There are Trends Lurking on our Bestseller Lists--Short and Funny Ones

There are trends lurking in our bestseller lists. I don't know if it's a reflection of our store or what's selling, but here are our top 15 nonfiction paperback bestsellers for last week. There are some events (like the book at #1) and some special orders (like the book at #2) but see if you can spot what was almost screaming at me...

1. The New Jew, by Sally Srok Friedes
2. Mirroring People, by Marco Iacobani
3. Sex, drugs and Cocoa Puffs, by Chuck Klosterman
4. Mary Nohl, by Barbara Manger and Jeanine Smith
5. Killing Yourself to Live, by Chuck Klosterman
6. Drunkard's Walk, by Leonard Mlodinow
7. When You are Engulfed in Flames, by David Sedaris
8. Chuck Klosterman IV, by Chuck Klosterman
9. My Stroke of Insight, by Jill Bolt Taylor
10. Monster of Florence, by Douglas Preston
11. Dreams from my Father, by Barack Obama
12. I was Told There'd be Cake, by Sloane Crosley
13. Idiot Girl and the Flaming Tantrum of Death, by Laurie Notaro
14. Could it be B12, by Sally Pacholok
15. I hope they Serve Beer in Hell, by Tucker Max

We're selling a lot of short-form humor columns. OK, Klosterman was an event. But it's interesting to me that our best-selling backlist book from him by far was Sex Drugs and Cocoa Puffs, whereas with most authors, the Ian Frazier or Bill Bryson or Dave Barry columns would be considered a filler release between the long-form narratives.

And of course there's Sedaris. And Laurie Notaro, who Downer has always sold. And Sloane Crosley. And Tucker Max.

Is this us, is it of the moment, is this a real national trend? I have no idea. But Jason was talking to Marie at Vroman's who mentioned that there short stories are also trending upwards.

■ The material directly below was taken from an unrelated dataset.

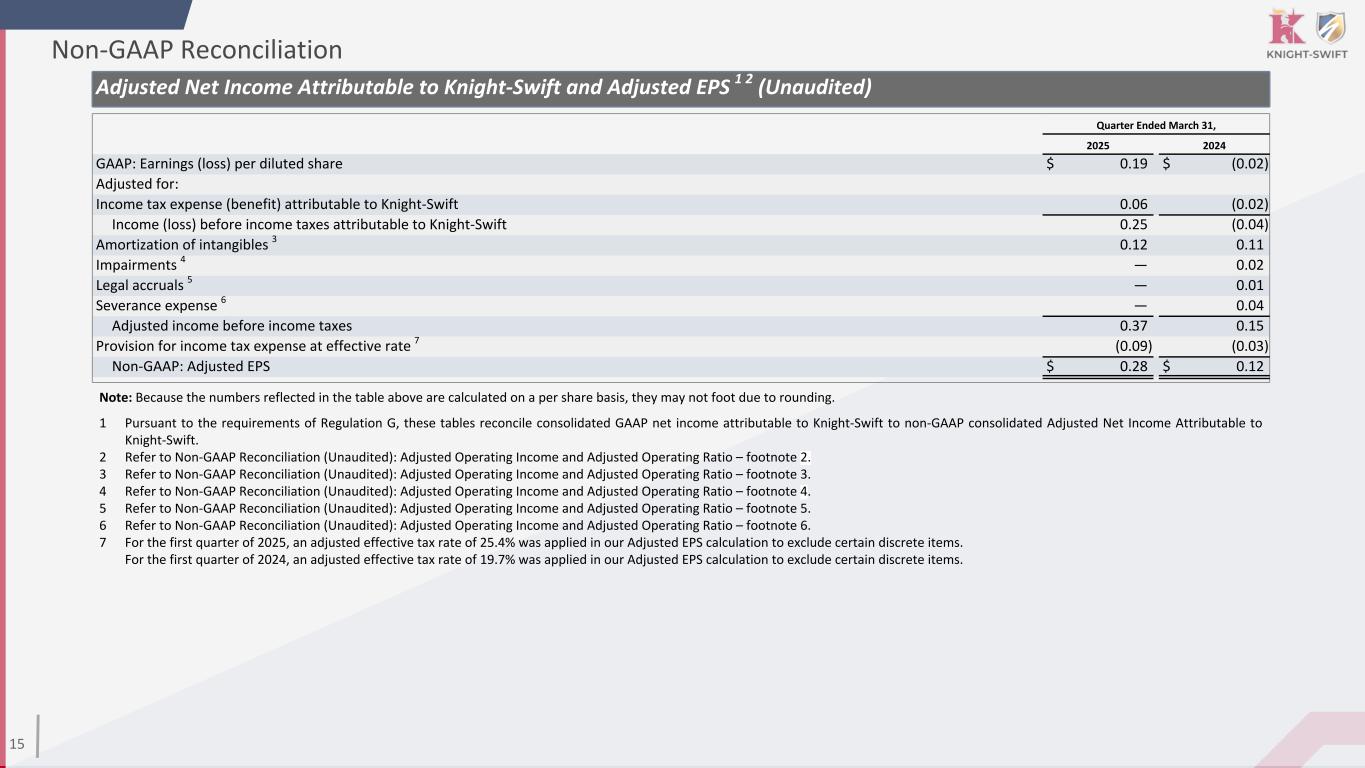 14 1 Pursuant to the requirements of Regulation G, these tables reconcile consolidated GAAP net income attributable to Knight-Swift to non-GAAP consolidated Adjusted Net Income Attributable to Knight-Swift. 2 Refer to Non-GAAP Reconciliation (Unaudited): Adjusted Operating Income, Adjusted Operating Expenses, and Adjusted Operating Ratio – footnote 2. 3 Refer to Non-GAAP Reconciliation (Unaudited): Adjusted Operating Income, Adjusted Operating Expenses, and Adjusted Operating Ratio – footnote 3. 4 Refer to Non-GAAP Reconciliation (Unaudited): Adjusted Operating Income, Adjusted Operating Expenses, and Adjusted Operating Ratio – footnote 4. 5 Refer to Non-GAAP Reconciliation (Unaudited): Adjusted Operating Income, Adjusted Operating Expenses, and Adjusted Operating Ratio – footnote 5. 6 Refer to Non-GAAP Reconciliation (Unaudited): Adjusted Operating Income, Adjusted Operating Expenses, and Adjusted Operating Ratio – footnote 6. 7 For the first quarter of 2025, an adjusted effective tax rate of 25.4% was applied in our Adjusted EPS calculation to exclude certain discrete items. For the first quarter of 2024, an adjusted effective tax rate of 19.7% was applied in our Adjusted EPS calculation to exclude certain discrete items. Adjusted Net Income Attributable to Knight-Swift and Adjusted EPS 1 2 (Unaudited) Quarter Ended March 31, 2025 2024 (Dollars in thousands, except per share data) GAAP: Net income (loss) attributable to Knight-Swift $ 30,639 $ (2,635) Adjusted for: Income tax expense (benefit) attributable to Knight-Swift 10,303 (3,674) Income (loss) before income taxes attributable to Knight-Swift 40,942 (6,309) Amortization of intangibles 3 19,628 18,543 Impairments 4 28 3,982 Legal accruals 5 261 1,563 Severance expense 6 — 6,846 Adjusted income before income taxes 60,859 24,625 Provision for income tax expense at effective rate 7 (15,487) (4,851) Non-GAAP: Adjusted Net Income Attributable to Knight-Swift $ 45,372 $ 19,774 Non-GAAP Reconciliation

Could it be what booksellers have been saying for at least 20 years (it was a tired remark when I started in books many years ago), that busy folks should consider short stories and essays?

Is it time for us to pull out our short stories from the catchall fiction section, in the way we've dreamed (nothing is new of course, Unabridged in Chicago has done this forever)?

The more Jason and I talked about it, the more we realized that our humor and pop and bio sections are a mishmash of titles that could be browsed more successfully in different configurations. I promised we would shakeup a lot of sections, but oh, the day is so tiring. And it's time to set up chairs for Eric Dregni's event. And I really have to get the Saturn Press card order done.

But you never know, you just might walk in and see us actually do a section change we promised. Keep posted, and we'll let you know how it goes.